The 6-month follow-up data of a phase 2 study of a .4 x 107 TU dose of gene therapy (AXO-Lenti-PD; Axovant Gene Therapies, New York, NY) for Parkinson disease (PD) treatment showed the gene therapy improved ON time by more than 2-hours. The therapy is delivered to the putamin in a neurosurgical procedure.
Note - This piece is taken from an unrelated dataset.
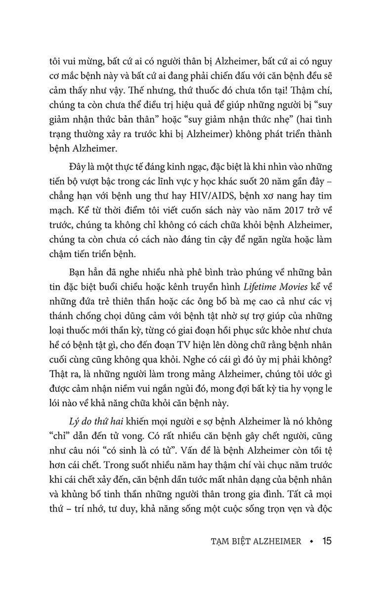 Cuốn sách Tạm Biệt Alzheimer không chỉ có ích cho những người làm chuyên môn, bệnh nhân và gia đình (những người trực tiếp chịu ảnh hưởng của căn bệnh) mà còn có giá trị với bạn đọc nói chung, những người có nguy cơ mắc bệnh, đồng thời cũng là những người đang bị lối sống nhanh thời hiện đại tác động đến sức khỏe mỗi ngày.

This gene therapy is investigational treatment for PD that delivers 3 genes encoding tyrosine hydroxylase, cyclohydrolase 1, and aromatic L-amino acid decarboxylase on a single lentiviral vector. These 3 enzymes are needed to synthesize dopamine from L-dopa to reduce variability and restore steady levels of dopamine in the brain.
Data from 2 participants demonstrated a 21-point mean improvement in the unified PD rating scale (UPDRA) part 3 OFF motor function score, representing a 40% improvement from the baseline average score of 52 in these participants. The total ON time without dyskinesias and ON time with nontroublesome dyskinesias, improved an average of 2.2 hours (from a baseline mean good ON time of 10.2 hours across 4 participants.) All of the participants demonstrated improvement from baseline in diary good ON time.
OFF time decreased by an average of 2.3 hours, baseline OFF time 5.8 hours, across the 4 participants. All participants demonstrated improvement from baseline in OFF time. A 14-point mean improvement was seen in 2 evaluable participants in Cohort 2 on the UPDRS part 2 OFF score, which assesses activities of daily living, representing a 71% improvement from baseline.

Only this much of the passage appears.